╭─ Data under study

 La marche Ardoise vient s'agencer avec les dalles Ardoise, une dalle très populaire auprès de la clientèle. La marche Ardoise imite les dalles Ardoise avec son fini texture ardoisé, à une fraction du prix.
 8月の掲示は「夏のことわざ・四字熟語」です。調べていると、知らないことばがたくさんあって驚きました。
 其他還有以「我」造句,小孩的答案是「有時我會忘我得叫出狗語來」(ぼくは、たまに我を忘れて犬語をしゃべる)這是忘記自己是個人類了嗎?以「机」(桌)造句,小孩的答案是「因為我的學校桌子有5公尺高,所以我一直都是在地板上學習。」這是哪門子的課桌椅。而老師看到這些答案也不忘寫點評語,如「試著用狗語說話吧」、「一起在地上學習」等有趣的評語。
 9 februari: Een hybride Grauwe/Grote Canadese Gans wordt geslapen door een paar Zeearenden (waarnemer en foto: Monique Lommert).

╰─
╭─ Data under study

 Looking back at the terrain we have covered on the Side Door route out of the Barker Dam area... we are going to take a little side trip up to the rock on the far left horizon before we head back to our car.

╰─
╭─ Data under study

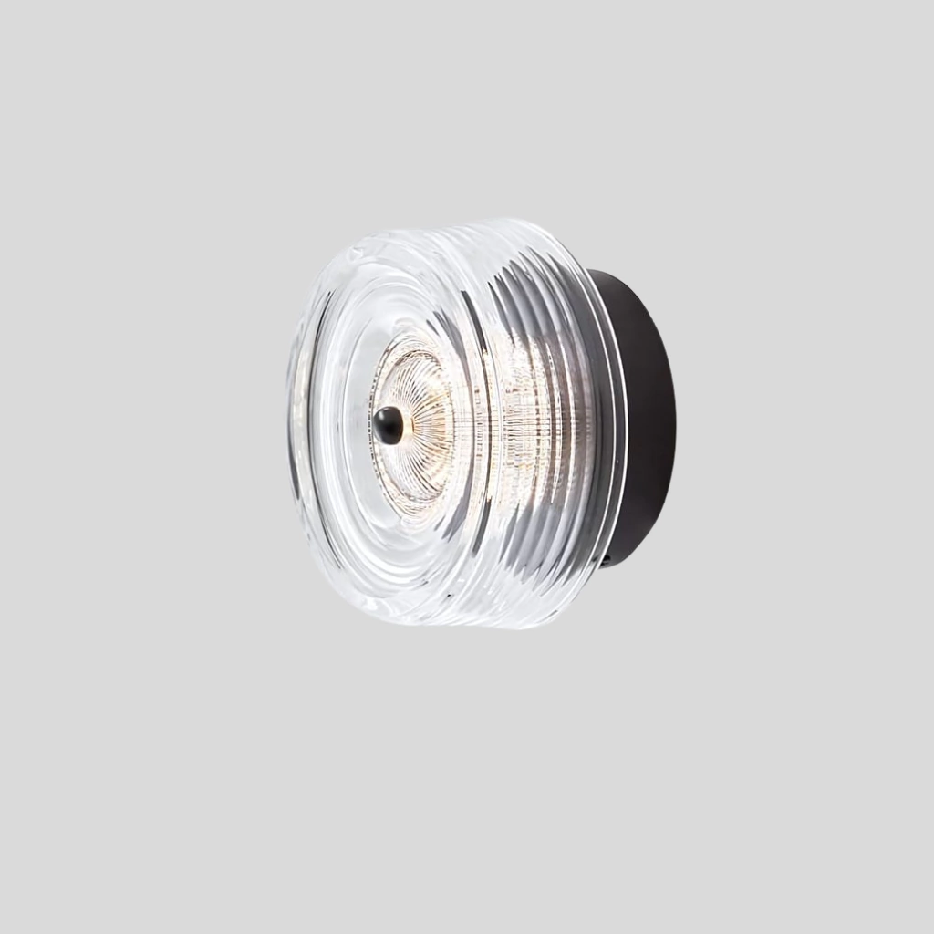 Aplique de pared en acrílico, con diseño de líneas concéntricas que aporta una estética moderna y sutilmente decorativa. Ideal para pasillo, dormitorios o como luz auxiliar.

╰─

__What to work on__:
In the listing above, find the line with "La marche Ardoise vient" and the line with "8月の掲示は「夏のことわざ・", then print exactly those lines and every line between them.

__Result of this exercise__:
 La marche Ardoise vient s'agencer avec les dalles Ardoise, une dalle très populaire auprès de la clientèle. La marche Ardoise imite les dalles Ardoise avec son fini texture ardoisé, à une fraction du prix.
 8月の掲示は「夏のことわざ・四字熟語」です。調べていると、知らないことばがたくさんあって驚きました。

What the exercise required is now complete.